Aerogel is an ultra-light solid material with a three-dimensional porous network structure. It has ultra-low thermal conductivity and can be used as a super thermal insulation material to play an important role in aerospace, building energy conservation, electric vehicles and portable electronic equipment. . However, most of the current aerogels are in the form of macroscopic blocks, and do not have the characteristics of slenderness, lightness, and flexibility. On the other hand, the weak mechanical strength of aerogel materials makes subsequent processing (such as cutting and compression) relatively difficult. Therefore, the design of the low-dimensional macroscopic form of aerogel still has certain challenges, which restricts the function of aerogel material in confined space thermal management, such as the actual thermal control of the emerging 5G portable/wearable electronic system in the future need.

In order to realize the thin and light design of aerogel materials, a cutable and compressible aerogel precursor was found, and a simple design method for thin and light aerogel was developed. Through the water-tert-butanol co-solvent system, the hydrogen bond assembly of boric acid and melamine is regulated to obtain the melamine-diborate (M·2B) aerogel bulk material formed by entangled and overlapped nanobelts. The aerogel block has the characteristics of being cuttable and compressible, and has good processability. After simple cutting, compression and subsequent high-temperature pyrolysis, a flexible, self-supporting boron nitride aerogel film was successfully obtained, as shown in Figure 1. Through the adjustment of process parameters, the thickness, density, shape and size of the boron nitride aerogel film can be effectively controlled, and the obtained boron nitride aerogel film can be bent at room temperature, liquid nitrogen and flame, showing Good mechanical flexibility, as shown in Figure 1.

Figure 1 Cutability (a-c), compressibility (d) of melamine-diborate aerogel bulk material, mechanical flexibility (c-g) and micro-morphology (h-i) of boron nitride aerogel film.

In addition, the above-mentioned boron nitride aerogel film is used as a support material to successfully obtain a boron nitride aerogel phase change film. Thanks to the significant capillary force of the aerogel itself, it can effectively restrain and confine the organic solid-liquid phase change material in the molten state, and prevent the leakage of the molten phase change material. The obtained boron nitride aerogel film exhibits good shape stability; the obtained boron nitride aerogel phase change composite film has a high phase change enthalpy, and has a thermal conductivity better than that of current commercial flexible phase change materials. as shown in picture 2.

Figure 2 Optical photographs of boron nitride aerogel phase change composite films at different temperatures (a), the micro morphology (b-d) and thermal properties (e-g) of the film.

Aerogels and their phase change composite materials have the following thermal management potentials: 1) Aerogel films have the characteristics of low thermal conductivity, lightness and thinness, which can isolate heat in confined spaces; 2) Aerogel phase change composite films It can absorb or release heat reversibly in a temperature-changing environment, and maintain its own temperature relatively constant to realize the limitation and modulation of thermal energy.

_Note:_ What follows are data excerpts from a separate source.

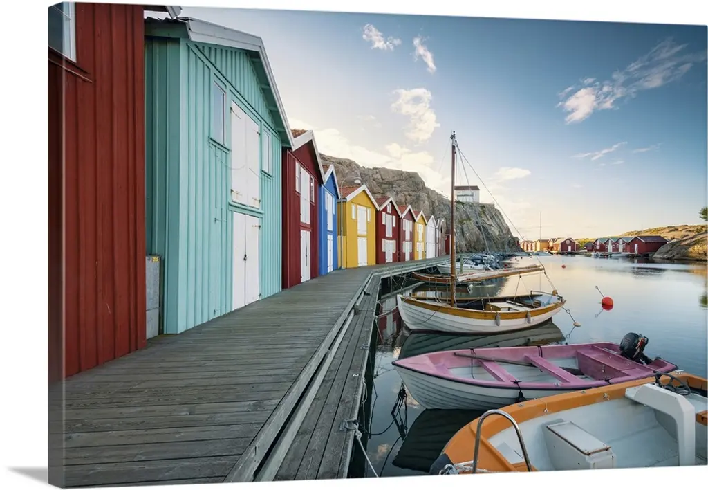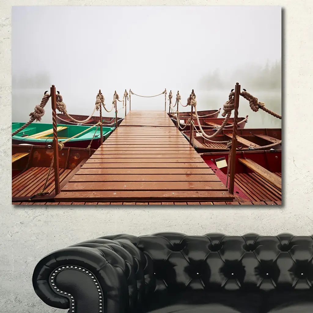 Boats In Mysterious Fog, Large Boat Canvas Art Print, 60x40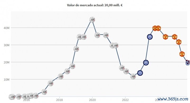 奥纳纳2023年夏窗以5000万欧元从国米转会曼联,那时他的身价为3500万欧元。加盟曼联后奥纳纳的身价涨至4000万欧元,而后屡次下落。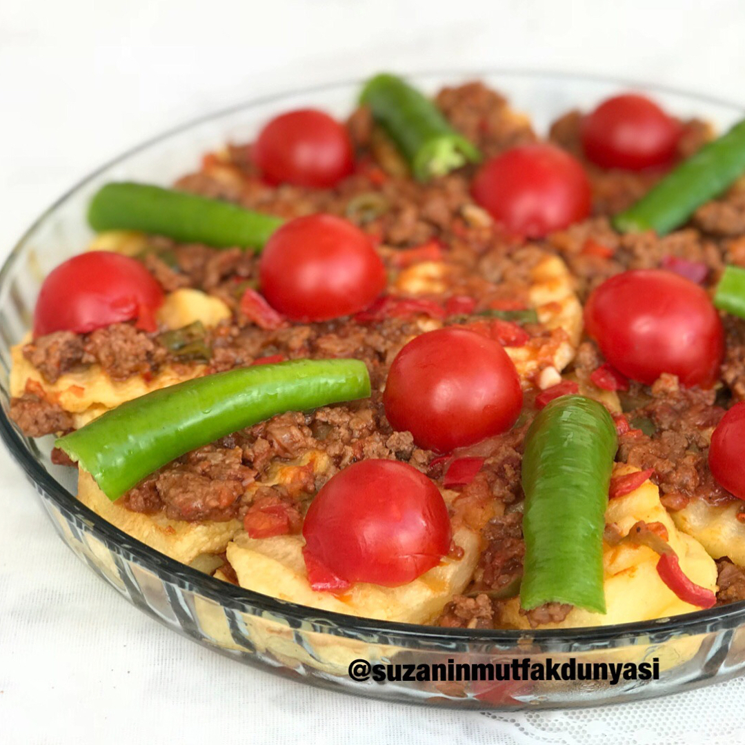 Fırın tepsisine önce patatesler daha sonra kıyma şeklinde sırası ile koyarak tepsiye yerleştirin üzerini domates ve biber ile süsleyerek 180derece fırında hafif kızarana kadar pişirin fazla pişirmeye gerek yok zaten patates ve kıyması piştiği için ,deneyeceklere şimdiden Afiyet olsun'na tesekkurler.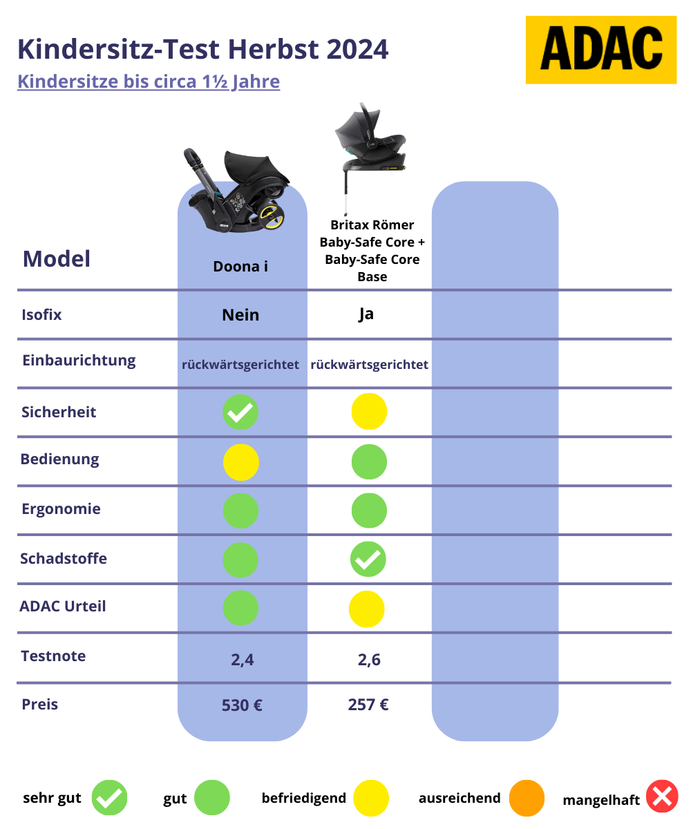 Die Go Beyond Babyschale ohne Base erreichte eine Gesamtwertung von 2,1, während die Doona i ohne Base eine Wertung von 2,4 erzielen konnte.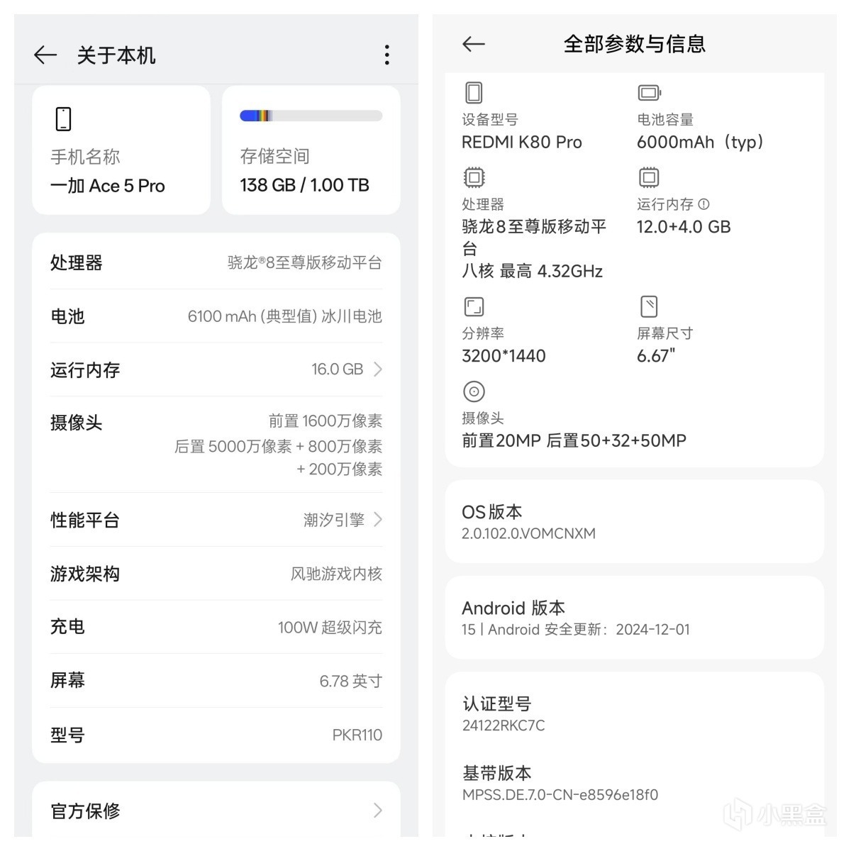 小结:两款手机在游戏方面的表现都非常不错,画面清晰流畅、触控灵敏、温控优秀,长时间玩游戏也不会烫手、累眼。一加Ace 5 Pro在画面、温控、功耗方面相对而言更加出色,另外一加与多款流行游戏通过战略合作进行深度优化,带来更优秀的游戏体验,这一点也是红米K80 Pro所没有的。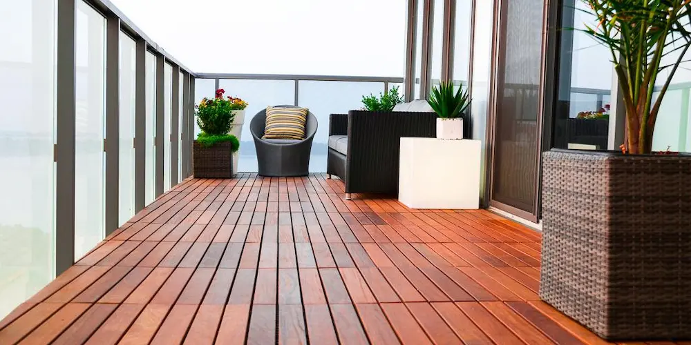 Tablas de terraza compuestas: están hechas de una combinación de madera y materiales poliméricos (por ejemplo, polietileno o polipropileno). Esta mezcla los hace resistentes a la intemperie y a las plagas.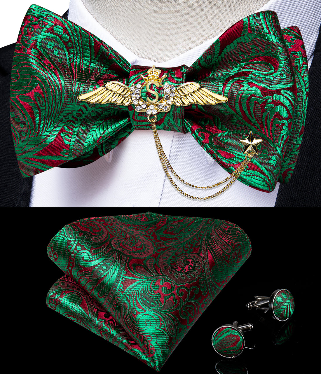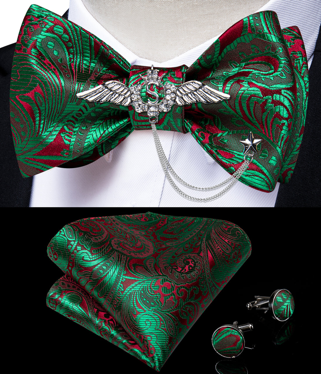 Green Red Floral Self-Bowtie Pocket Square Cufflinks With Wing Lapel Pin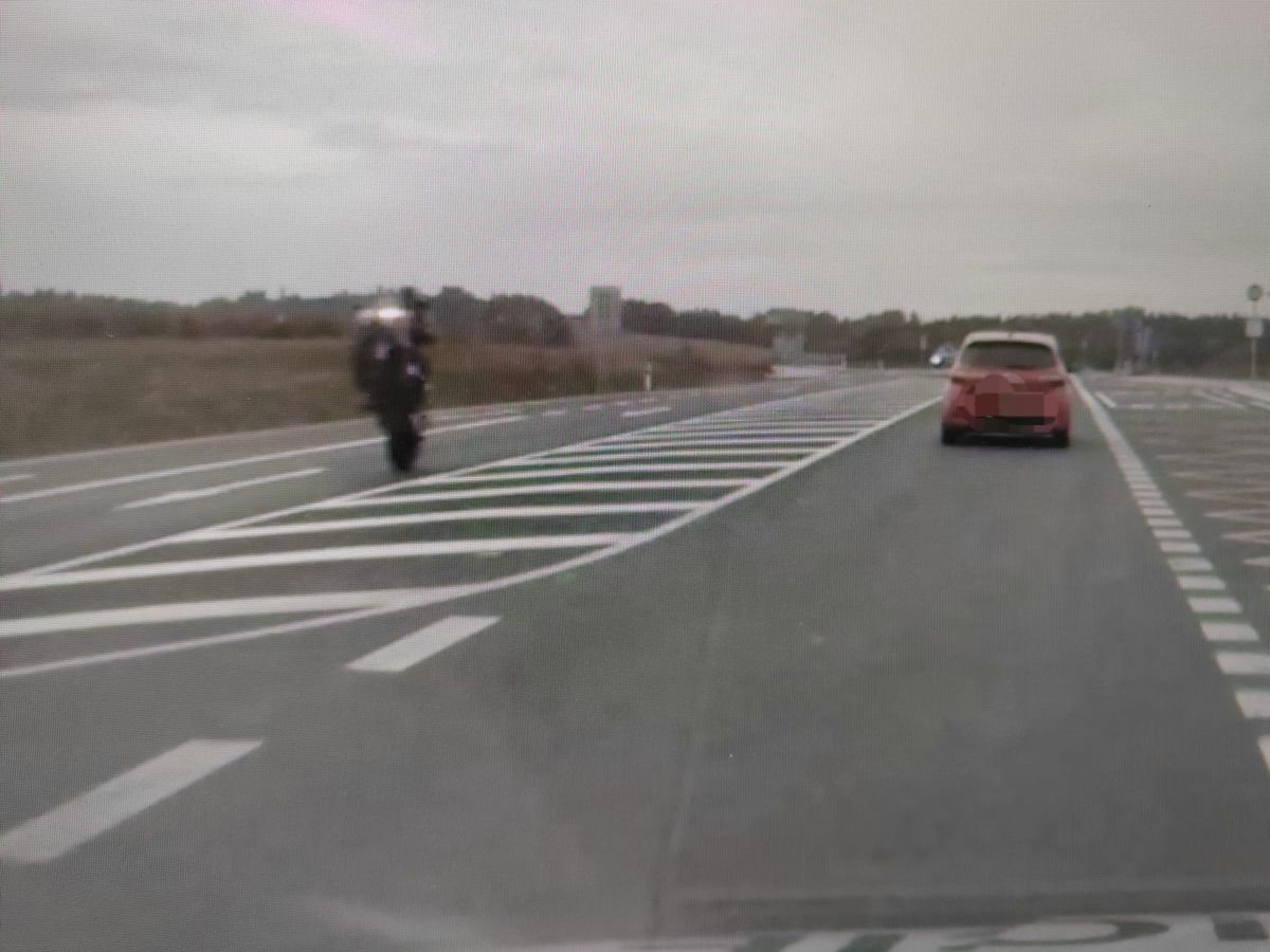 Motorkáře zachytila kamera, jak jede po zadním kole.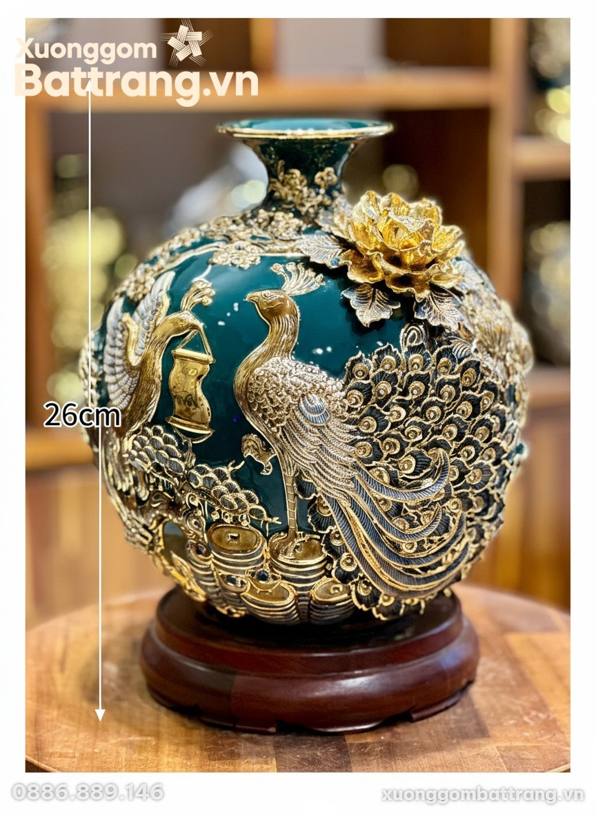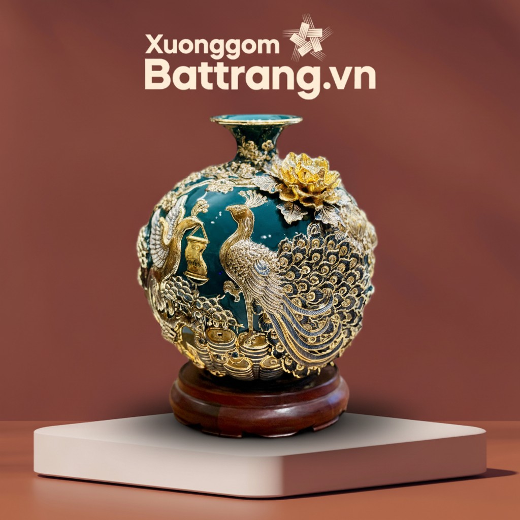 Bình hút lộc Công Đào đắp nổi vẽ vàng men xanh cổ vịt XG-BHL05 là một kiệt tác nghệ thuật độc đáo, kết tinh từ bàn tay tài hoa của nghệ nhân Xưởng Gốm Bát Tràng. Với sắc men xanh cổ vịt trầm mặc, sang trọng cùng những đường nét đắp nổi tinh xảo, vẽ vàng 24K lấp lánh. Sản phẩm là vật phẩm trang trí góp phần thu hút tài lộc và vượng khí cho gia chủ.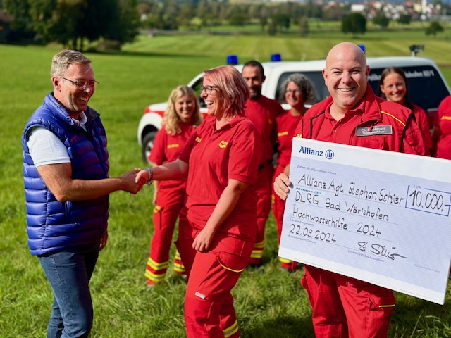Die Übergabe des Spendenschecks fand durch Stephan Schier, Inhaber der Agentur in Kaufbeuren, statt. Schier nominierte die DLRG Bad Wörishofen für die Spende und erklärte: „Es ist mir ein persönliches Anliegen, die lokalen Rettungsdienste zu unterstützen. Die Helfer haben während des Hochwassers im Juni unermüdlich gearbeitet und immense Hilfe geleistet.“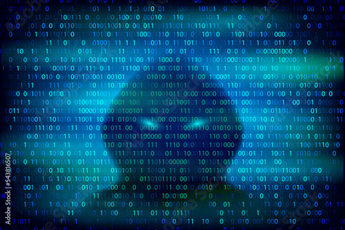The watermark will not be included on Wall mural.: Hacker silhouette on the blue background with binary code textur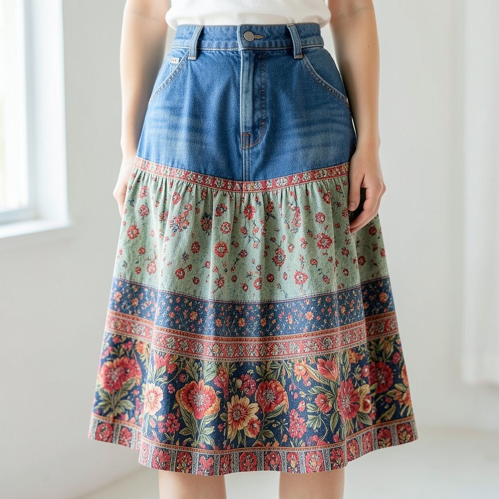 A denim skirt with boho details blends classic and bohemian styles. Look for embellishments like embroidery or patches for added flair.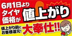 タイヤの値上げ目前!緊急セール開催決定~!!

At present, the feasibility of the boron nitride aerogel film and its phase-change composite film in the diversified thermal management of advanced electronic systems (such as portable, wearable, 5G, etc.) has been preliminarily explored, and based on heat insulation and Two thermal control management strategies of thermal energy modulation and their application forms and scenarios are shown in Figure 3. Aerogel film and phase change composite film can effectively change and control the direction of heat flow, prevent heat from spreading to nearby biological tissues and other functional units, provide a comfortable operating environment for electronic systems, and provide a comfortable environment for the human body using electronic devices Wear or use environment.

Figure 3 Schematic diagram of thermal management of aerogel film and phase change composite film in a portable electronic system.

This research work provides theoretical support and guidance for the lightweight and thin design of aerogel materials and the diversified management of thermal energy in confined spaces. It is expected to realize the diversified application of thermal management in advanced 5G portable electronic devices in the future.